Specifically, sabotage comes from the practice by striking French railway workers of cutting the sabot that held railroad tracks in place. The word appears in English in 1910 and early use specifically refers to the French railroad strikers.

…It’s difficult to determine just where the “station wagon” term may have originated…In my little home town located on the Lincoln Highway in Pennsylvania there was a very prominent Hotel…The Hite House…serving Rt. 30 traveliers and B&O passenger traveliers stopping at our depot about a mile away…A “Jitney”, horse drawn…met every passenger train to bring traveliers to the hotel…{Pre-world war I era}…and after that motorized wooden bodied vehicles…some on Model T chassis did the job and so on…The same thing happened many places so where it started, who knows…but I’d wager these vehicles were the beginning of the term use…“Station Wagons”…

I was just noticing how 10 years ago a “station wagon” was almost as hated a vehicle as the mini-vans are now. Devil says, “This is hell kid, you get the mini-van”. But now, many (most) of the new vehicles are in some way really a station wagon. Until recently our Chevy Suburban’s were officially registered with the State as station wagons. As near as I can tell all these new front wheel drive SUV’s (like Chevy Trailblazer) are really just tall station wagons.

Who here really takes there OFF ROAD vehicles off road over mountains and buolders like they do in car comercials[:)][:p]

Does driving through water over the hood, up the side of a flooded interstate over pass during tropical storm Allison count?

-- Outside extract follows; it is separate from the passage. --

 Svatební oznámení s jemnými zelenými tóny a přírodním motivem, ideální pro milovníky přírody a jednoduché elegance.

How about getting stuck on its side in a ravine in the Texas hill country?

If you want to play in the dirt…get a Jeep.

Ed

Station wagons are alive and well downunder. They have survived the onslaught of four wheel drive vehicles (SUV’s, I think, up over), '“compact” four wheel drive vehicles, multiple passenger vehicles and other designs.

I always wondered where the name came from - the railroad connection is intriguing…

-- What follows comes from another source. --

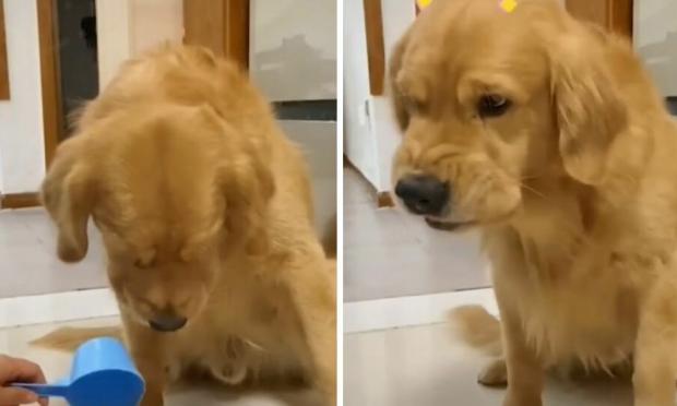 Κι ενώ τις περισσότερες φορές τα σκυλάκια γκόλντεν ριτρίβερ είναι χαριτωμένα και άτσαλα, αυτός ο σκυλάκος φαίνεται να είναι έτοιμος να κάνει και φόνο για το φαγητό του.

Looks like they call them “Estates” in the U.K. - not sure where that came from…possibly a name for a work type vehicle that was used on an estate (as in land)?

Dave

'95 Merc Sable Wagon, 160k on the digital odometer, no rust on the bod. I’ll drive it anywhere, on paving, that is.

Jay

That’s one of the neatest things I’ve heard all day, I learn all the time here.

A specific English name, as well as “Estate” or “Estate Car” was “Shooting Brake”. I assume that this referred to the vehicle used to take guns and similar out to a “Grouse Shoot” (or whichever other bird was due to be eaten). The use of “Brake” interested me, because this term is used in the UK to refer to baggage cars, relating back to the fitting of “guard’s vans” with handbrakes to be applied on whistle signals from the locomotive. I assume this association continued, so at least one English name related to a rail vehicle rather than the “station”.

Peter

…One little bitty change: Chevy Trailblazer is not front wheel drive…It is either rear wheel or 4-wheel drive. Powered by a state of the art I-6 of 270 hp.

…Ed, install “fording” equipment on that Jeep and go almost anywhere…I drove the military version in the far east across streams by putting it in low transfer and 1st gear and put my feet up on the dash and pulled out the hand throtle and across the water we went kicking sideways but getting to the other side and water around me up to the dash…A bit scary but it made it.

Hmmm, my neighbor’s spins the front wheels on the ice and it sounds like a sewing machine wreching its guts out just to get the vehicle moving from a stop sign. Maybe they got a broken one? I didn’t even consider buying one because of theirs. I just got a blazer, two door. I think it is one of the least “station wagon” looking ones. Its just big enough to fit my HO modular unit in the back.

Quentin,

Wife wont let me get the snorkel for the 95 Wrangler, but she said great on the 51 Willys Wagon, it even has a factory bracket already in place for the snorkel!